JONATHAN OPPENHEIM likes the occasional flutter, however the object of his curiosity is a bit more rarefied than horse racing or the one-armed bandit. A quantum physicist at College Faculty London, Oppenheim likes to make bets on the basic nature of actuality – and his newest considerations space-time itself.
The 2 nice theories of physics are basically at odds. In a single nook, you’ve basic relativity, which says that gravity is the results of mass warping space-time, envisaged as a sort of stretchy sheet. Within the different, there’s quantum principle, which explains the subatomic world and holds that every one matter and vitality is available in tiny, discrete chunks. Put them collectively and you possibly can describe a lot of actuality. The one drawback is which you can’t put them collectively: the grainy arithmetic of quantum principle and the graceful description of space-time don’t mesh.

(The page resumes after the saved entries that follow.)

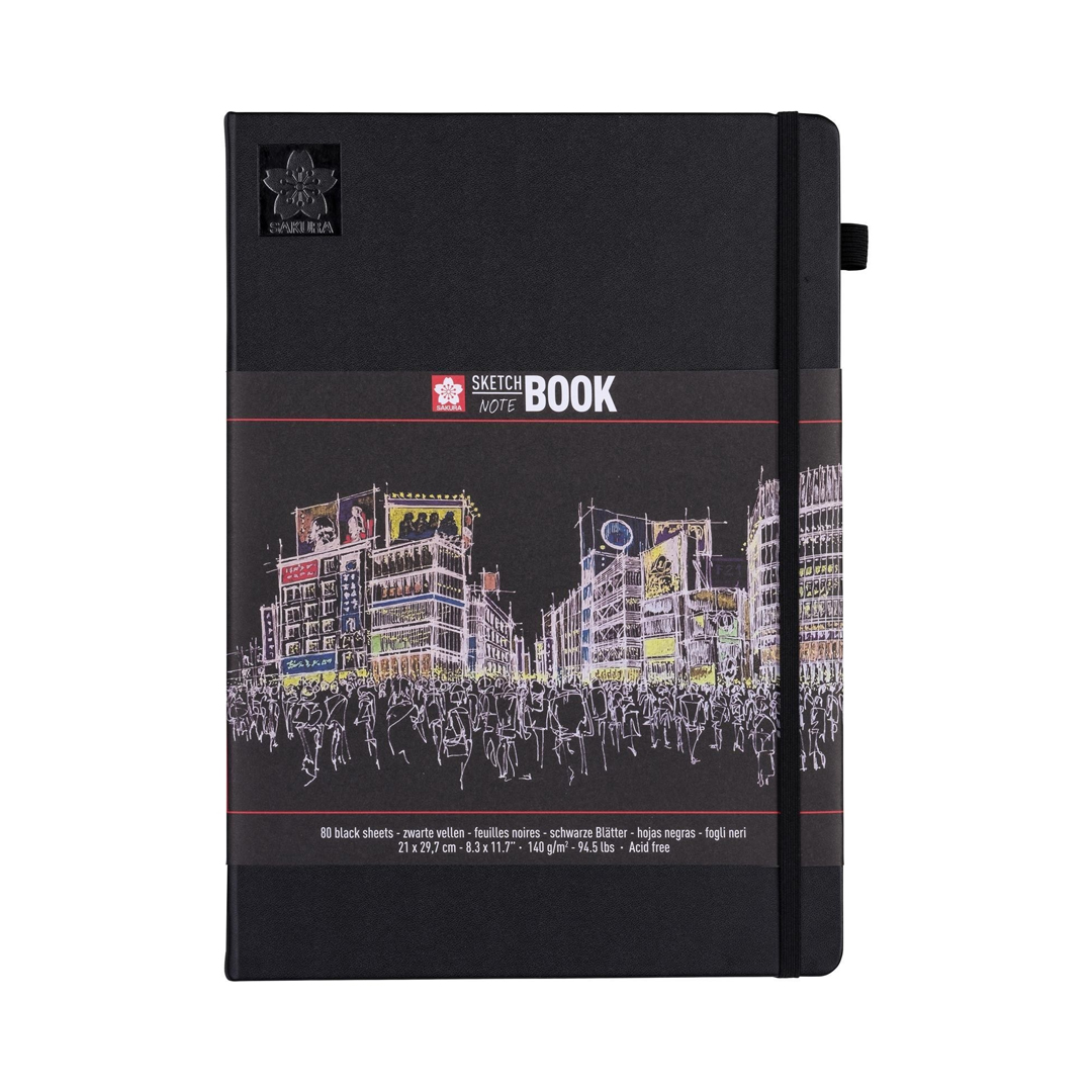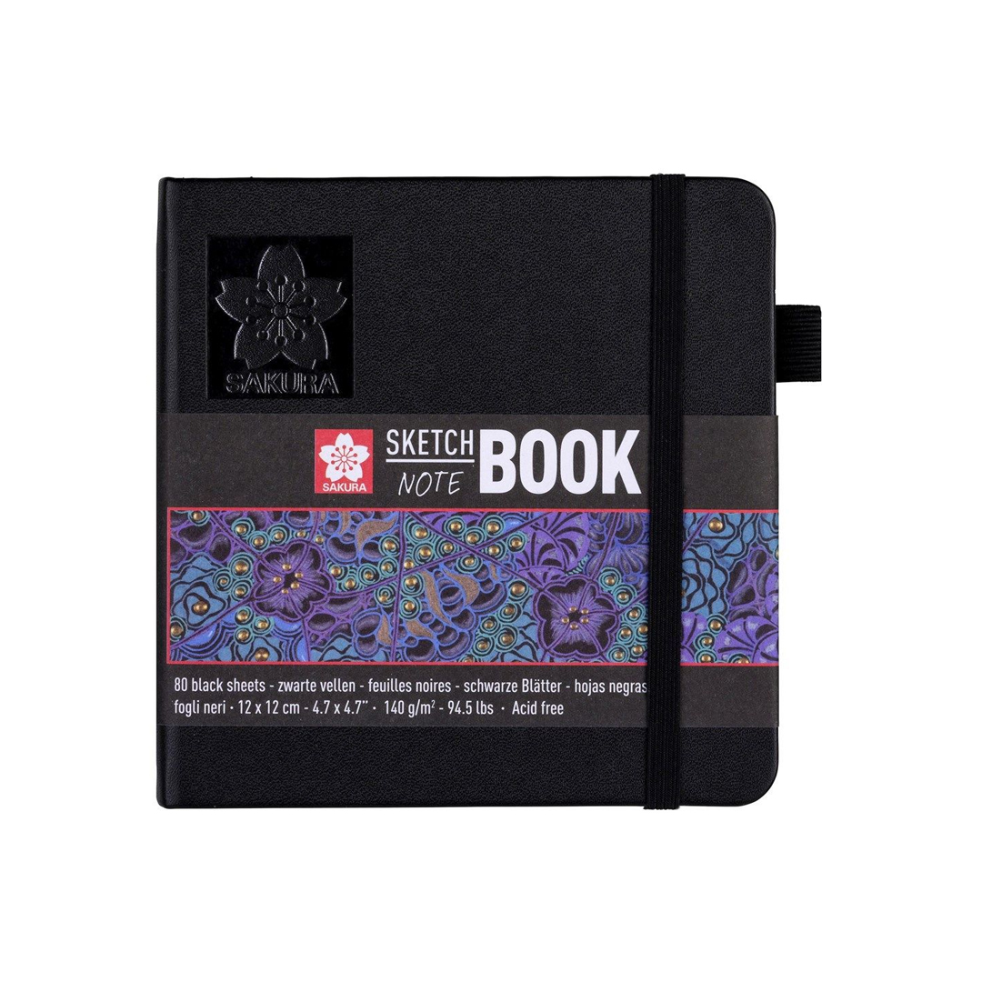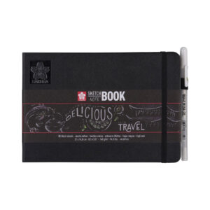 The Sakura Sketch – Note Book with black, acid free paper keeps all your ink, pencil, oil pastel or charcoal creations in one place. The exclusively illustrated sleeve can be used as a book mark. The hard cover book comes with a pen holder that perfectly fits pens such as the Pigma Micron and Sakura Gelly Roll. In the back of the Sketch Book an expandable envelope is included for storing sketches and notes. The elastic closure band ensures the book stays closed and compact when travelling. Sakura Sketch – Note Books are perfect for sketching and writing with Sakura products: Pigma Micron, Pigma Brush, Koi Coloring Brush Pen, Gelly Roll, Permapaque and the original Cray-Pas. They are available in creme white or black pages, in various sizes.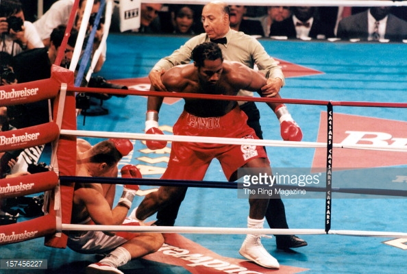Many thought that this fight would be a back-and-forth contest between two of boxing's top heavyweights, it instead became one of the most lopsided championship fights in the sport's history as Lewis destroyed the giant pole inside a round. As soon as the fight started, Lewis had Golota on the defensive by effectively using his strong left jab and as the first minute of the fight came to close, was able to land a powerful right hook that stunned Golota and sent him into the corner. With Golota's back now against the turnbuckle, Lewis proceeded to land a six-punch combination that sent Golota to the canvas. Golota was able to back up, but was clearly hurt from the exchange and had trouble finding his balance. Nevertheless, referee Joe Cortez allowed Golota to continue the fight but he was quickly met with a furious assault from Lewis, who landed an over 10-punch combination that again sent Golota down. Cortez quickly stopped the fight and Lewis was named the winner by knockout after only 95 seconds of action.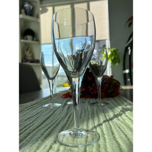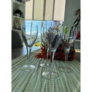 These elegant goblets are from the bygone era of the early 2000's, with a thick tapered stem and tulip shaped bowl. These goblets appear to be in excellent shape (but they are gently used) with no visible cracks, chips, or flea bites. This is a matching set of four white wine goblets that stand at 7 3/4 inches tall.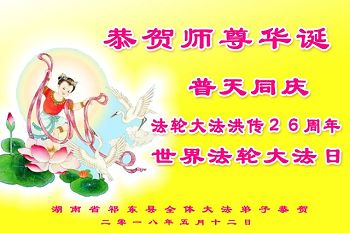 【明慧网二零一八年五月十四日】 山东青岛大法弟子恭祝师尊生日快乐!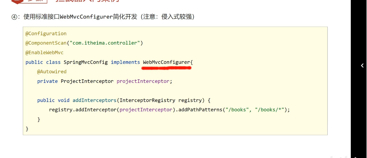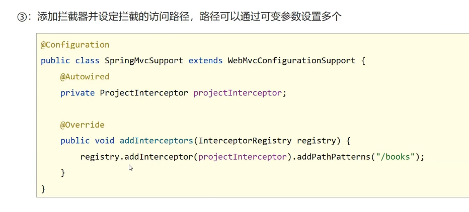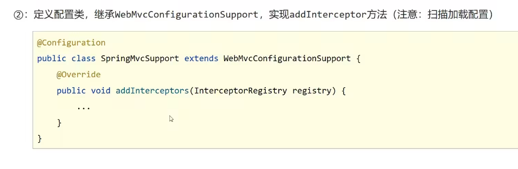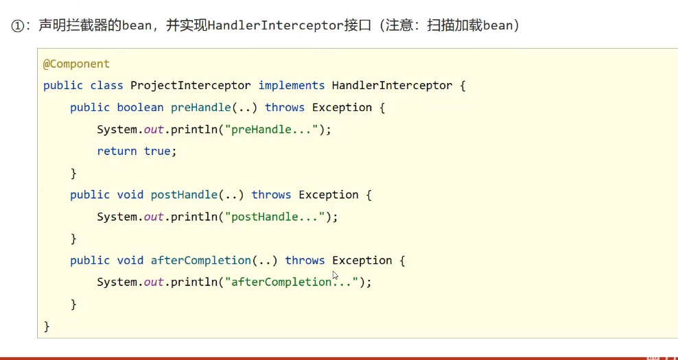 声明拦截器的bean,并实现HandlerInterceptor接口(注意: 扫描加载bean)

Most physicists reckon the answer is to “quantise” gravity, or to indicate how space-time is available in tiny quanta, just like the three different forces of nature. In impact, meaning tweaking basic relativity so it suits into the quantum mould, a activity that has occupied researchers for nearly a century already. However Oppenheim wonders if this assumption is perhaps mistaken, which is why he made a 5000:1 wager that space-time isn’t finally quantum.
New Scientist caught up with him to seek out out what makes him suppose standard knowledge is perhaps misguided right here, how the query is perhaps resolved with experiments – and why physicists love an excellent wager.